EXERCISE –
A word-for-word copy of the records below is needed, without the images.

————————

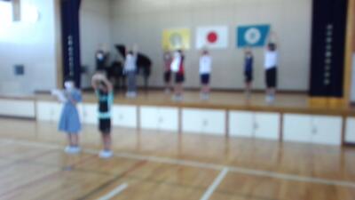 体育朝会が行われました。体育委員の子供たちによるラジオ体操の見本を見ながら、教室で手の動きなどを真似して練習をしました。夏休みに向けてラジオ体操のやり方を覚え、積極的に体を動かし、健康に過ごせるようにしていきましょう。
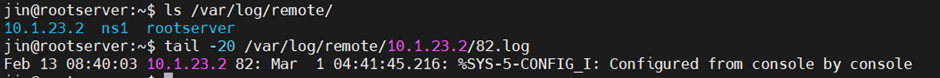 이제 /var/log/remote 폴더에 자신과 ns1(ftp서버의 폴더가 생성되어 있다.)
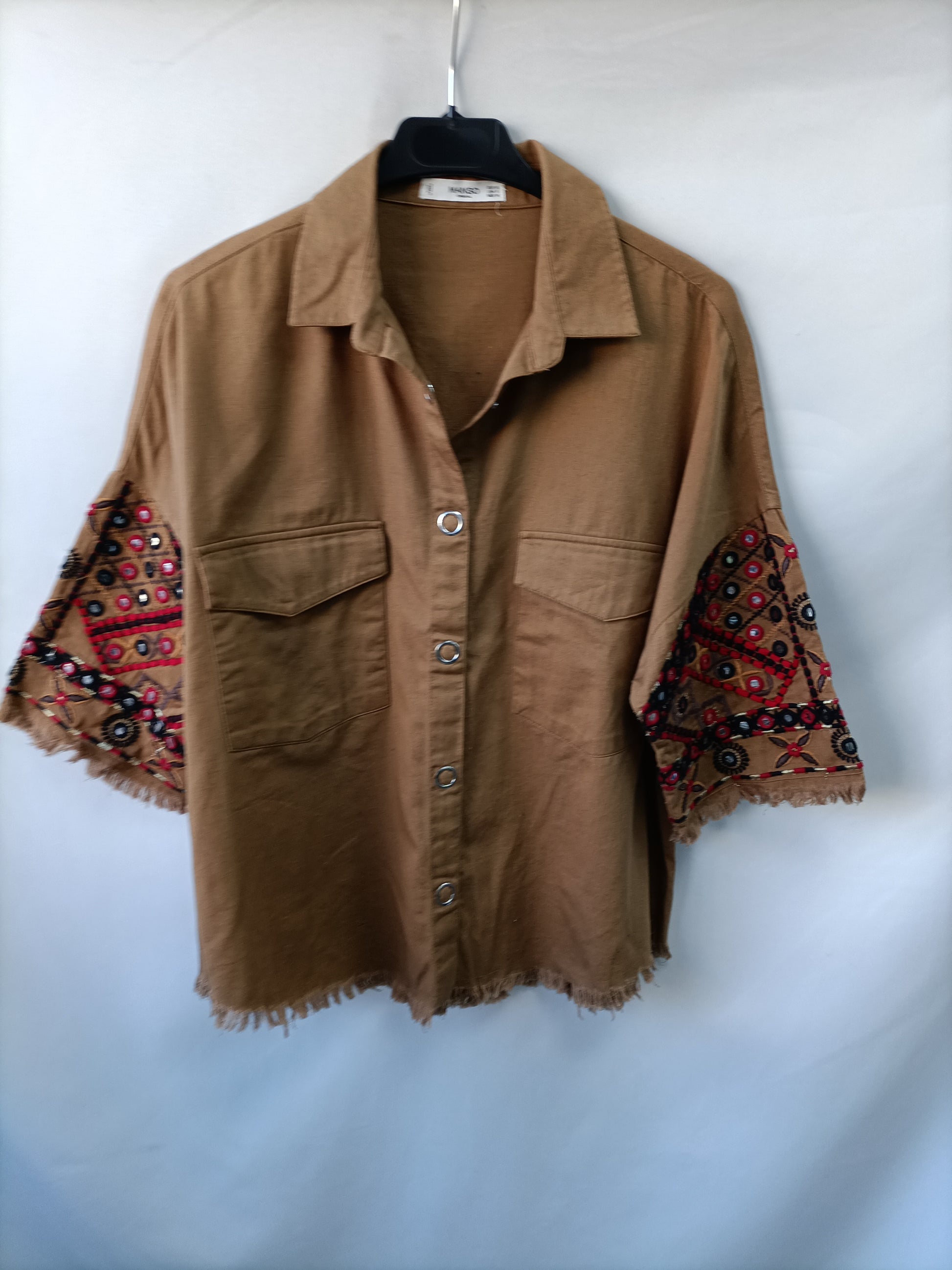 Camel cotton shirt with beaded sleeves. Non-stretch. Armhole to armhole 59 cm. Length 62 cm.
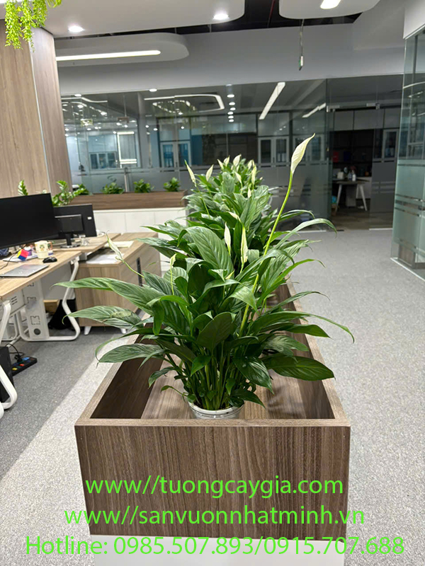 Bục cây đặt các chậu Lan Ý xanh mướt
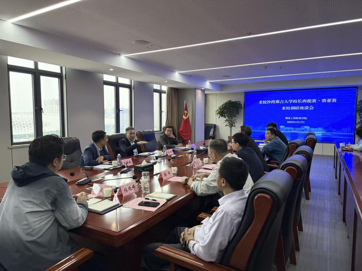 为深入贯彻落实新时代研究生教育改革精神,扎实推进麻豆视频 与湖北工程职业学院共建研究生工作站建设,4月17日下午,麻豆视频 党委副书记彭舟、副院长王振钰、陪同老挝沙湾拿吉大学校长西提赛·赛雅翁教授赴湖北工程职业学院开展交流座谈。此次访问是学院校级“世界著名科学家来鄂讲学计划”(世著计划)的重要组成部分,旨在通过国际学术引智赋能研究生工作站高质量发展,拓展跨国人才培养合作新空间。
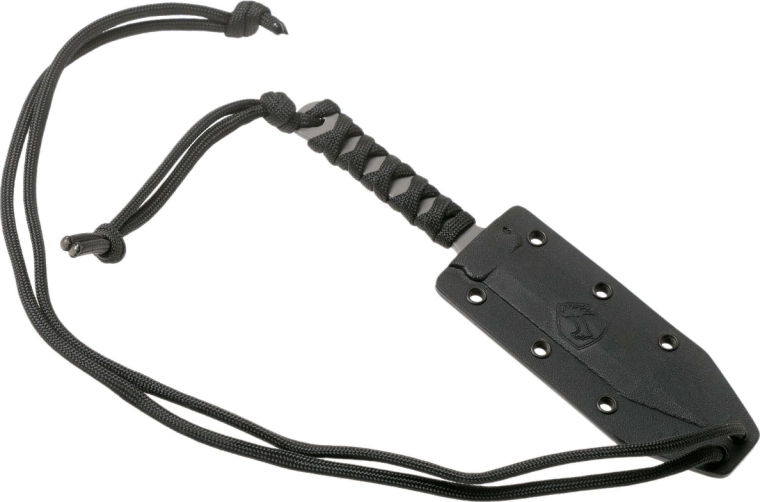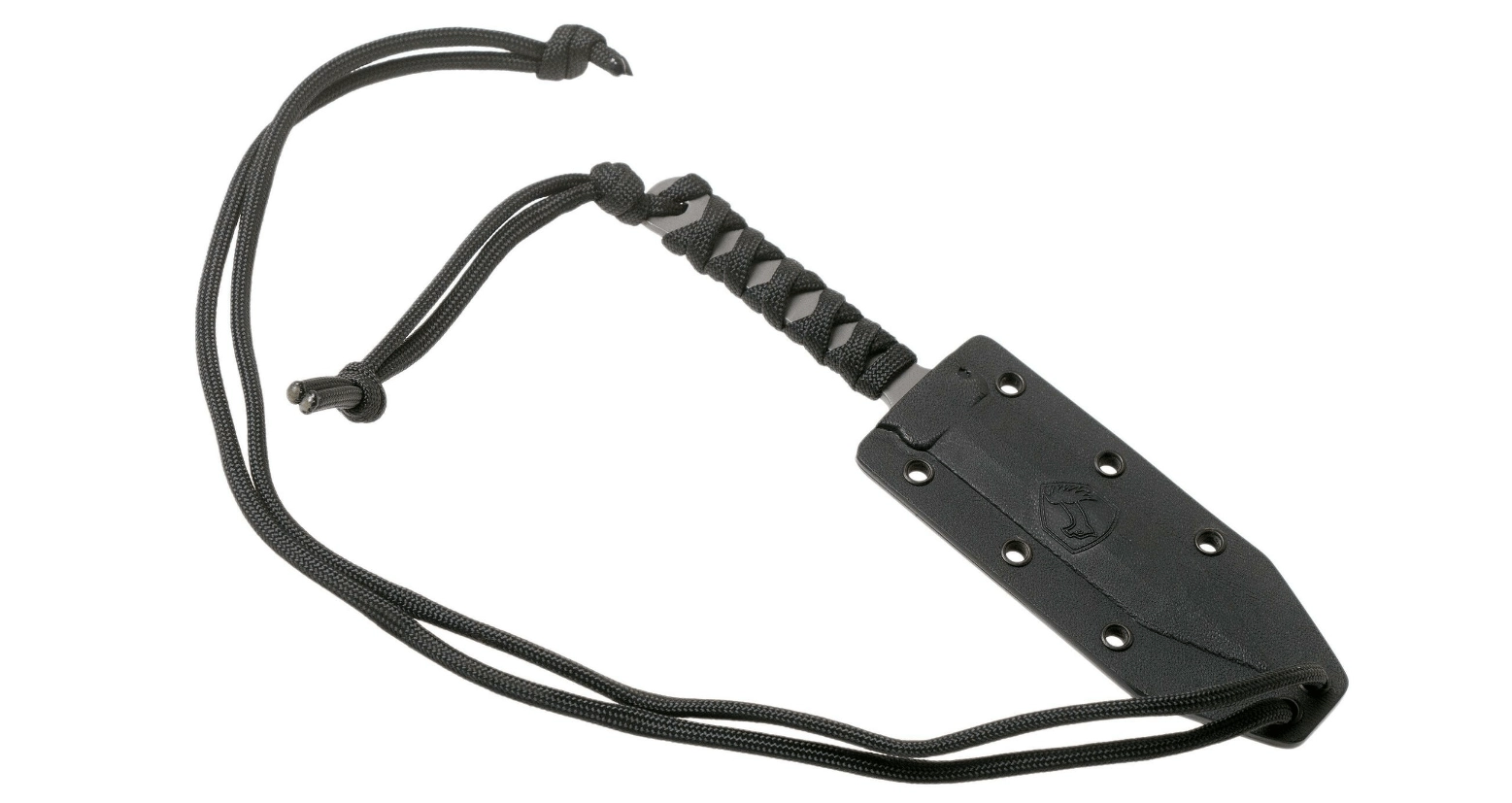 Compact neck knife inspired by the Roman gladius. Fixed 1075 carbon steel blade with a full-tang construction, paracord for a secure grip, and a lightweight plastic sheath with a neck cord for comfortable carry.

————————

RESULT –
 体育朝会が行われました。体育委員の子供たちによるラジオ体操の見本を見ながら、教室で手の動きなどを真似して練習をしました。夏休みに向けてラジオ体操のやり方を覚え、積極的に体を動かし、健康に過ごせるようにしていきましょう。
 이제 /var/log/remote 폴더에 자신과 ns1(ftp서버의 폴더가 생성되어 있다.)
 Camel cotton shirt with beaded sleeves. Non-stretch. Armhole to armhole 59 cm. Length 62 cm.
 Bục cây đặt các chậu Lan Ý xanh mướt
 为深入贯彻落实新时代研究生教育改革精神,扎实推进麻豆视频 与湖北工程职业学院共建研究生工作站建设,4月17日下午,麻豆视频 党委副书记彭舟、副院长王振钰、陪同老挝沙湾拿吉大学校长西提赛·赛雅翁教授赴湖北工程职业学院开展交流座谈。此次访问是学院校级“世界著名科学家来鄂讲学计划”(世著计划)的重要组成部分,旨在通过国际学术引智赋能研究生工作站高质量发展,拓展跨国人才培养合作新空间。
 Compact neck knife inspired by the Roman gladius. Fixed 1075 carbon steel blade with a full-tang construction, paracord for a secure grip, and a lightweight plastic sheath with a neck cord for comfortable carry.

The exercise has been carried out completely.